Me: "So how can we ask our candidates any questions?"
Senkan: "You can go to each one of their support group meetings."
Me: "What, all eighteen of them, plus two mayoral candidates? You just try to raise a question as they preach to the converted. And then you can't get them to debate with each other because they'll never be in the same room. That's unwieldy."
Senkan: "You could get them to do a co-sponsored support group (kyoudou enzetsukai). That would be legal."
Me: "And equally unwieldy. The Communist Party agreeing to sponsor with Koumeitou? As if."
Senkan: "Well, if the candidates themselves would try to organize a forum..."

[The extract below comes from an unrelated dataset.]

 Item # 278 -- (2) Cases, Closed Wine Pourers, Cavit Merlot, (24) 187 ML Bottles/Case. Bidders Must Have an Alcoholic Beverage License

Me: "That's a ramen dream. They aren't about to submit themselves to increased scrutiny, or participate in a debate they might lose in public if they don't have to. I'm sure they'd rather stick to sound-truck platitudes."

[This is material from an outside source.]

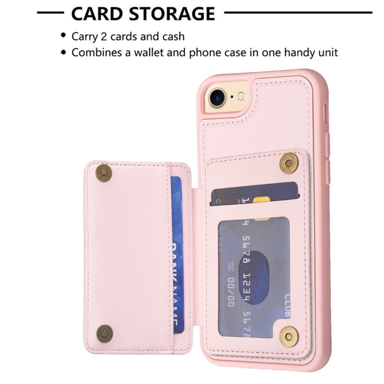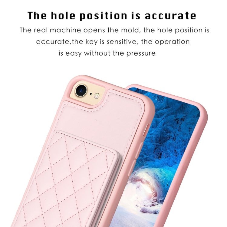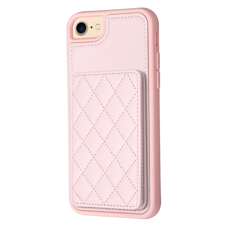 Funda para iPhone SE 2022/2020/8/7 Bf25 Square Plaid Card Bag Holder (Rosa)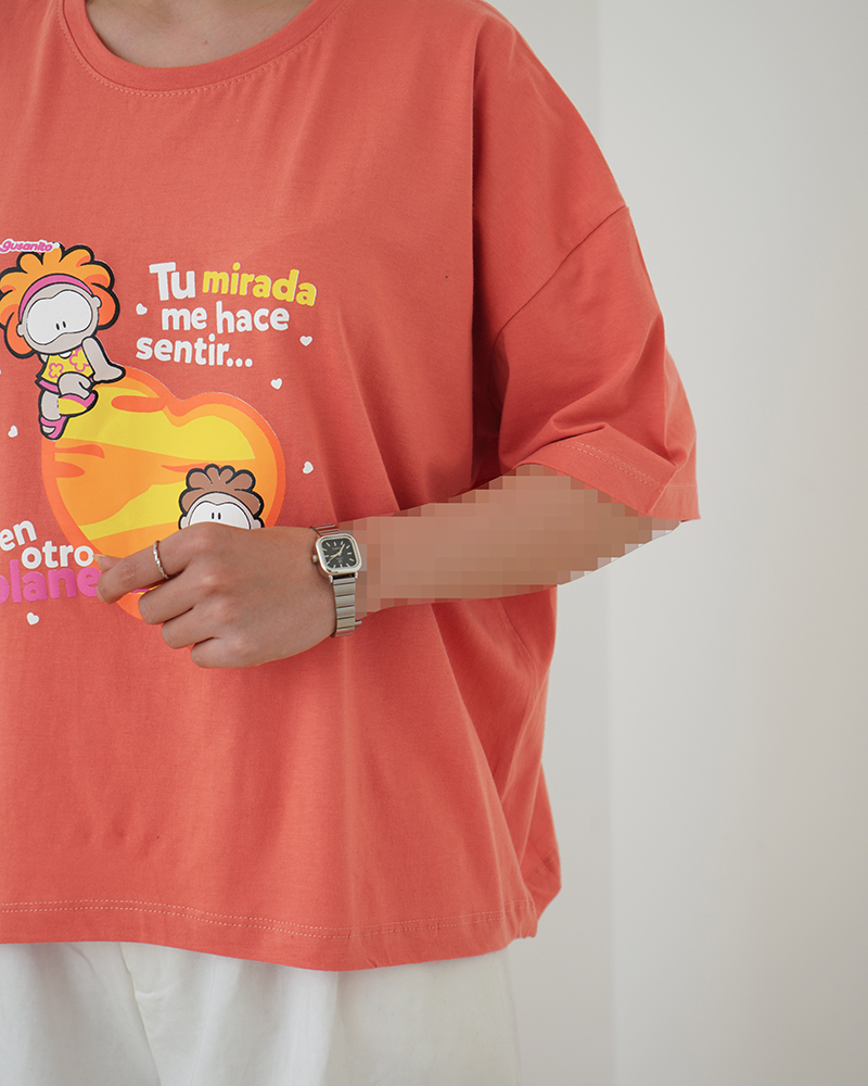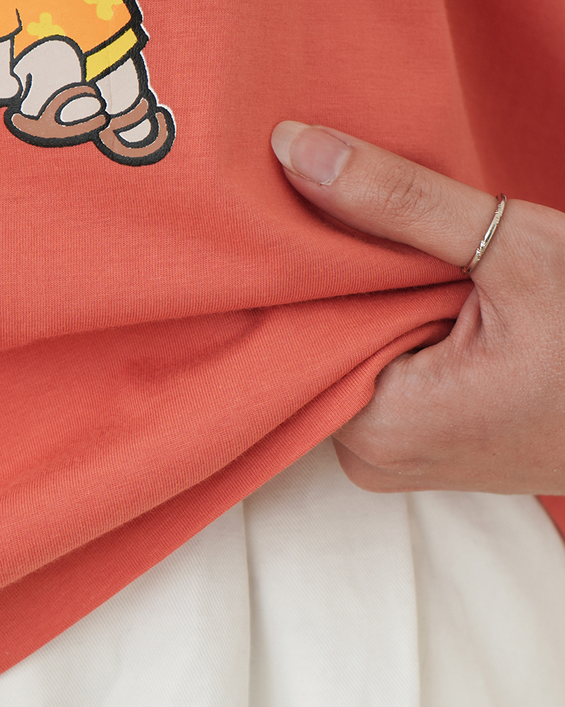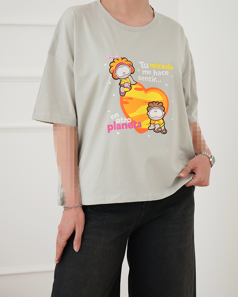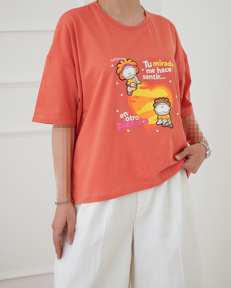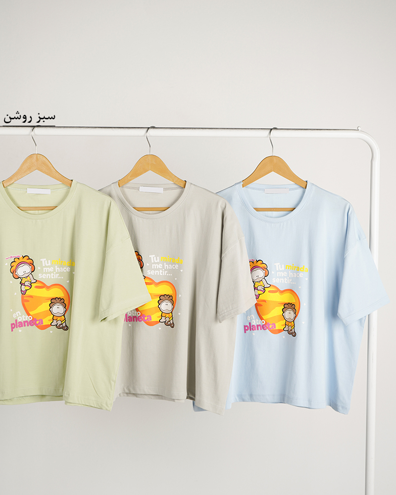 - توضیحات محصول: جنس تیشرت نخ و پنبه می باشد. تیشرت یقه گرد و آستین کوتاه می باشد. طرح های روی تیشرت چاپی است. تنخور تیشرت باکسی است. این محصول بسیار نرم و لطیف و خنک همراه با کشسانی مناسب استفاده روزمره می باشد.

Senkan: "So why don't you invite the non-party candidates? There are still fifteen councillors and both mayoral candidates left over."
Me: "Okay, I'll do that. But I still want to hold it on the eve of the election."
Senkan: "Fine. But under electoral laws, during this time period you cannot use regular networks, such as newspaper fold-ins (orikomi--advertisements tucked in as separate pieces of paper) or public-sector channels, for political purposes. Only the post office, at your own expense." Which would be, after printing up all the flyers and addressing all the envelopes, about 80 yen times 3500 households...
Me: "Okay, I give up. I'll arrange the forum for the weekend before the election period starts. April 20th okay? Then I can advertise through the newspaper fold-ins, right?" Right.
So I got to work. I faxed every single candidate, telling them the contents and goals of the forum. It was to be completely neutral, with equal time for stumping, a neutral emcee, with audience questions on issues to be directed at all attendees. Our local Senkan even got the approval from Hokkaido Senkan Headquarters. Things looked set to go.
However, this time, our local Hokkaido newspaper distributor decided to blow a whistle.
Distributor: "You want this forum announcement to be a newspaper fold-in? No can do."
Me: "And why not?"
Distributor: "Because newspaper regulations dictate that fold-ins cannot be used for 'political and religious affairs, or social issues'" I asked for written proof of this, which he produced. "You want to use this network, the forum has to be cleared by the Senkan."
Me: "It has been."
Distributor: "Then I want it cleared with Hokkaido Shinbun's Sales Department HQ. My company has to take the heat for any complaints that come from the public, and I want to be sure..."
Me: "Look, I think you're being overly anal. Not one week ago, when I tried to advertise my book 'JAPANESE ONLY--The Otaru Bathhouse Refusals and Racial Discrimination' as a Nanporo fold-in, you tried to refuse it because you took it upon yourself to editorialize, deeming the book's very title 'a social issue'. One call on my part to your precious Hokkaido Shinbun Sales Department HQ revealed that my book announcement was to be treated as a mere advertisement of a product, not a call to action or a rally to a political cause. Now kindly remember who the customer is here and take my goddamn fold-in money."
Distributor: "But on the announcement, you've listed the names of the candidates who have agreed to attend. Are you sure the Senkan cleared that?"
Oh for crying out loud, what could possibly be wrong with listing attendees?
Senkan: "Under electoral laws, you are not allowed to bias the public against any candidate. What would the public think if only some people were listed as attendees? Would they not think badly of those who decided not to attend?"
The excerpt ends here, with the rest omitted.